## WORK REQUEST
Search the material for the string "from", then show every line where it turns up.

## PROVIDED RECORDS
= Beginning of Section =
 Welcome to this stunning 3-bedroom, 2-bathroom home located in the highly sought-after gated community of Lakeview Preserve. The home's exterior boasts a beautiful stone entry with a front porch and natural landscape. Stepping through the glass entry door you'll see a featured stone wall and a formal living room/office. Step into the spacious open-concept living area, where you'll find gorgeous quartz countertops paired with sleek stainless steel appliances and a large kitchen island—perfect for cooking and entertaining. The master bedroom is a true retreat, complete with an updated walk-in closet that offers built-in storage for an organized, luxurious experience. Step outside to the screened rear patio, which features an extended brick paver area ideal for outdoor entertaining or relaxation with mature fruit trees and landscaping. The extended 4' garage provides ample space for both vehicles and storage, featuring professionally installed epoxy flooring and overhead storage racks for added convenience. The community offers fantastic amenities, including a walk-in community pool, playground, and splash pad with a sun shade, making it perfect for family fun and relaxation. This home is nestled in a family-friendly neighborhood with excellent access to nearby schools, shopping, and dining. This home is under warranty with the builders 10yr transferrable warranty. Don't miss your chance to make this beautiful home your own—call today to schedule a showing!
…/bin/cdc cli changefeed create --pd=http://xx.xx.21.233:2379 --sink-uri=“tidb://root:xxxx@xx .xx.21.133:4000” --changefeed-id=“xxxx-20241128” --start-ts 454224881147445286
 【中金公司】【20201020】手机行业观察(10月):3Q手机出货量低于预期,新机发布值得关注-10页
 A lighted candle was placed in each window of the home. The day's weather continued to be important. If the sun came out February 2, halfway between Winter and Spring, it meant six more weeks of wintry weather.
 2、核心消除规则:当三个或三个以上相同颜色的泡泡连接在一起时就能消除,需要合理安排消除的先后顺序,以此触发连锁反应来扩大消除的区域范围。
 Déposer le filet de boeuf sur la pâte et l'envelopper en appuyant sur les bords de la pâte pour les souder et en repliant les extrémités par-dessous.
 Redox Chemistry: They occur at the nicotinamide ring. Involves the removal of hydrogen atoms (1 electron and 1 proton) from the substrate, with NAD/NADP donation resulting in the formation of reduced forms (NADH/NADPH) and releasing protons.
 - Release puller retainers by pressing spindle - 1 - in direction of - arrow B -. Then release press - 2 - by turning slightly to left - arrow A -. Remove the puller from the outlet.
= End of Section =
= Beginning of Section =
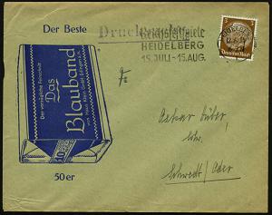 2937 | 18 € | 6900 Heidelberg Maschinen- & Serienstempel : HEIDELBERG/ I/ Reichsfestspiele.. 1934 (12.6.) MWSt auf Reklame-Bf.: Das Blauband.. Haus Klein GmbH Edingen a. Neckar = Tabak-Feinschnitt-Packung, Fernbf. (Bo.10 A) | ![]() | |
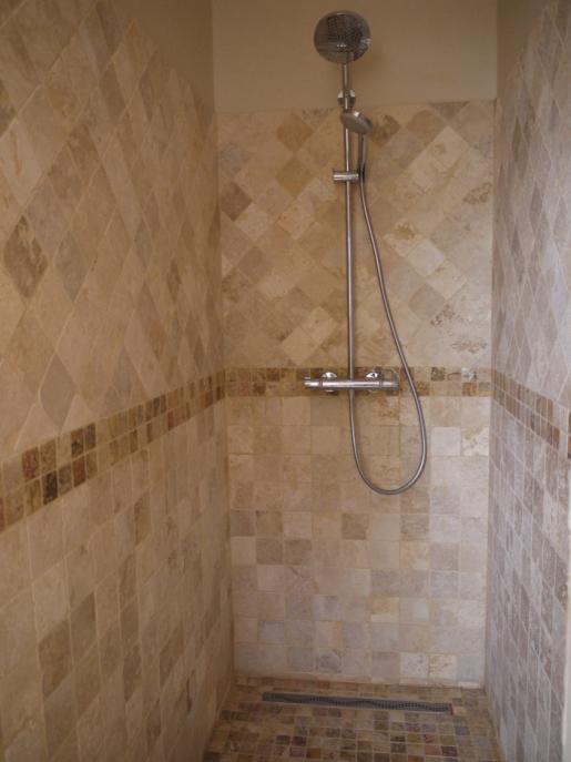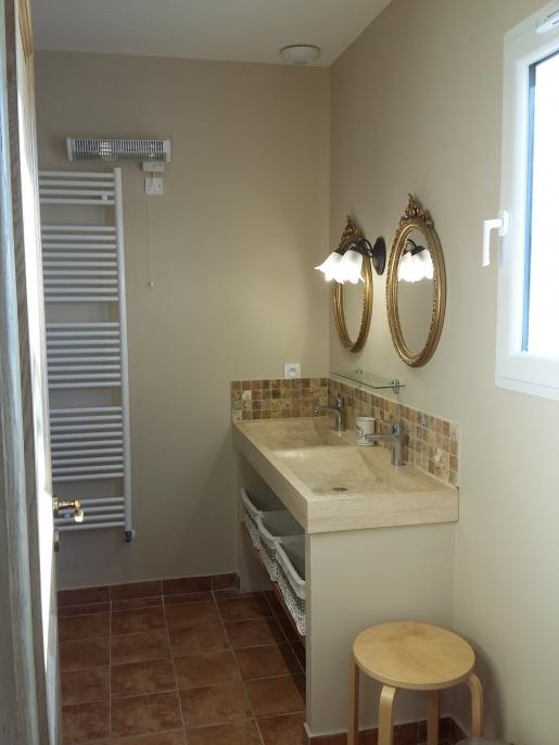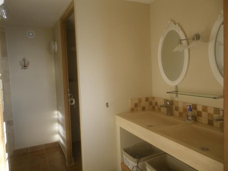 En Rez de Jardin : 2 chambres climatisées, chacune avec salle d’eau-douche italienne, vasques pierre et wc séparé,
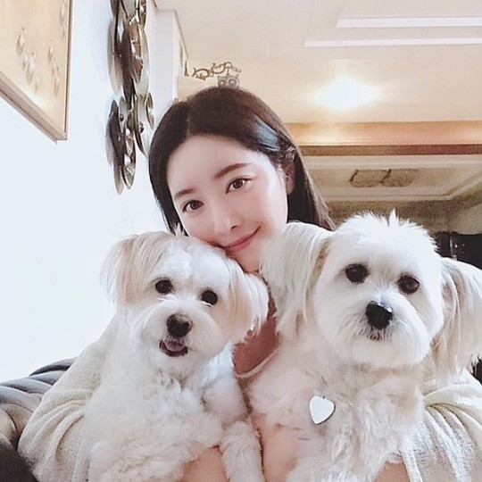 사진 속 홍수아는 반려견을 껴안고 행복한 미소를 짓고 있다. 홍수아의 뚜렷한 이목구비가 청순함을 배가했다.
= End of Section =
= Beginning of Section =
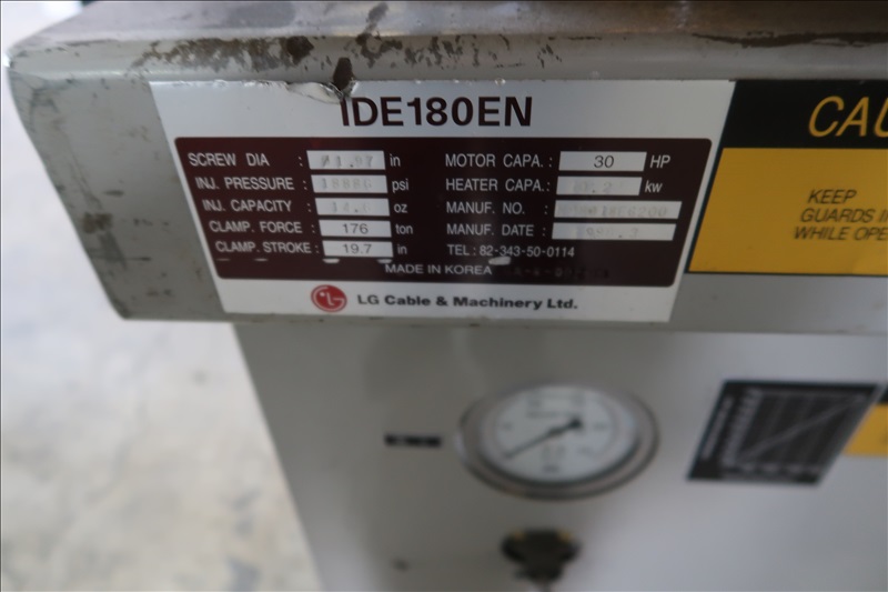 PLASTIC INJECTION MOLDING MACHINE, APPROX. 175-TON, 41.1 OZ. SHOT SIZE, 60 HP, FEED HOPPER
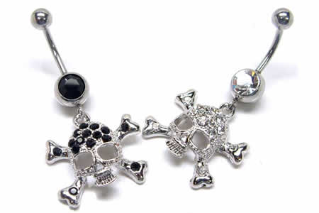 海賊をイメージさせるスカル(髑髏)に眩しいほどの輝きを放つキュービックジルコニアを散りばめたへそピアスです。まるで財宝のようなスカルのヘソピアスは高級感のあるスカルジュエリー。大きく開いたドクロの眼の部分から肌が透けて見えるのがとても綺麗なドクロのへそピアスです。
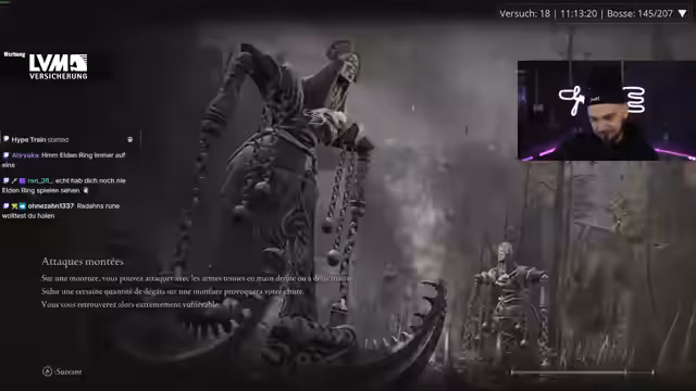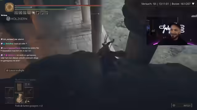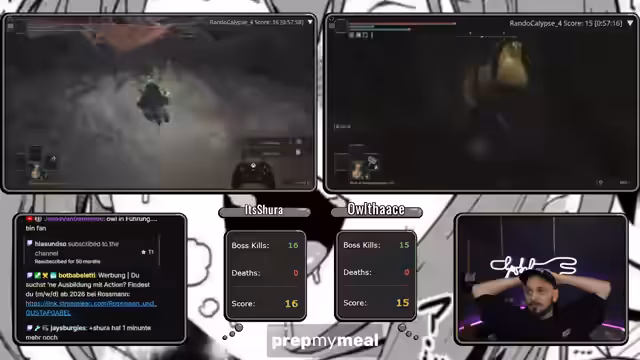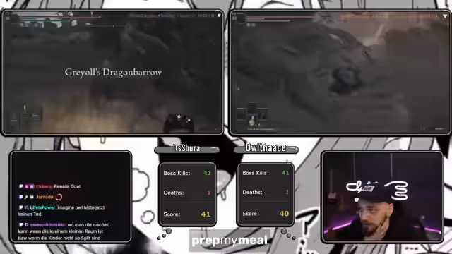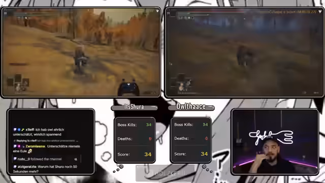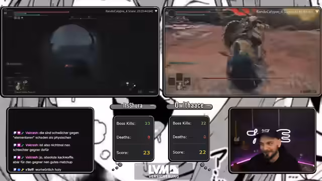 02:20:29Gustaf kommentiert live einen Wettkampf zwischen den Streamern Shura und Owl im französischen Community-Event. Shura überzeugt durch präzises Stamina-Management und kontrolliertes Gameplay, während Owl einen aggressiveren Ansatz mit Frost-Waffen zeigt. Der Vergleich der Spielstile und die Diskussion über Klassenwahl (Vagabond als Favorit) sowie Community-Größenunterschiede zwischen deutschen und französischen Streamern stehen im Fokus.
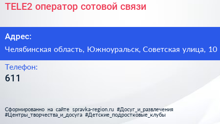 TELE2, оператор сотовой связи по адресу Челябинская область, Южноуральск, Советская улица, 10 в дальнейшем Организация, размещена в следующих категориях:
= End of Section =
## WRITTEN REPLY
 Redox Chemistry: They occur at the nicotinamide ring. Involves the removal of hydrogen atoms (1 electron and 1 proton) from the substrate, with NAD/NADP donation resulting in the formation of reduced forms (NADH/NADPH) and releasing protons.
 - Release puller retainers by pressing spindle - 1 - in direction of - arrow B -. Then release press - 2 - by turning slightly to left - arrow A -. Remove the puller from the outlet.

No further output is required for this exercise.